When an atom is impacted by a high-energy electron, some of the electron's energy can be transferred to the atom's electrons, causing them to become excited or even ionized (ejected from the atom). The energy required to ionize an atom is known as the ionization energy.
The ionization energy of an atom depends on a number of factors, including the energy of the incident electron and the number of electrons in the atom. For simple atoms, such as hydrogen, the ionization energy can be calculated relatively easily. However, for more complex atoms, such as those with many electrons, the calculations become much more difficult.
The new approach developed by the scientists uses a technique called the "density functional theory" (DFT). DFT is a quantum mechanical method that can be used to calculate the properties of atoms, molecules, and solids. The scientists used DFT to calculate the ionization energies of a number of atoms, including hydrogen, helium, and lithium.

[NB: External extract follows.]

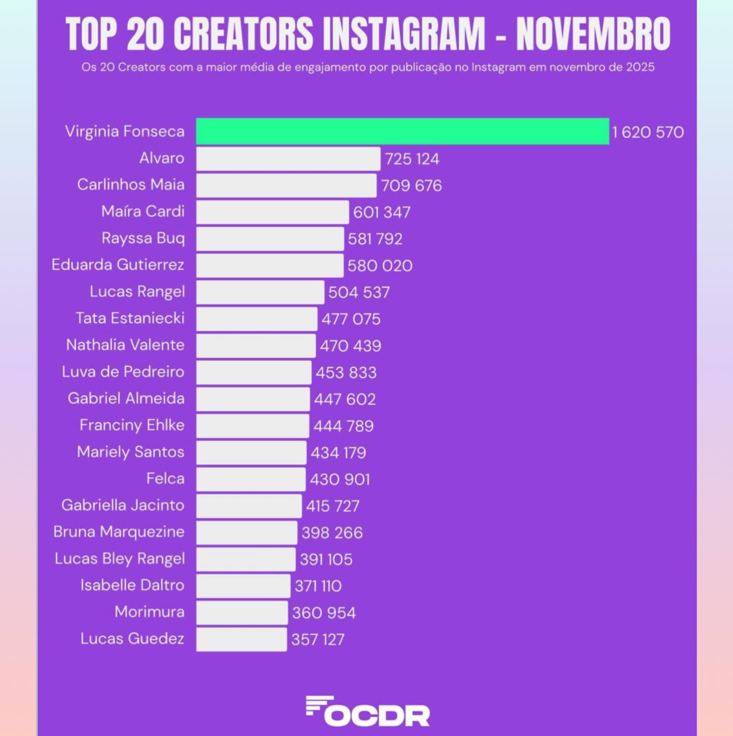 NOVEMBRO FOI DELA! Virgínia Fonseca garantiu o topo do ranking e se tornou a inf…

The scientists found that their new approach was able to predict the ionization energies of the atoms with much greater accuracy than previous methods. This is because DFT takes into account the interactions between all of the electrons in the atom, which is important for accurately calculating the ionization energy.
The new approach could lead to more accurate predictions of how atoms behave in a variety of environments, including those found in plasmas and fusion reactors. This could be important for designing new materials and devices that can withstand the harsh conditions found in these environments.
In addition to its potential applications in plasma physics and fusion research, the new approach could also be used to study the properties of atoms and molecules in other fields, such as chemistry, biology, and materials science.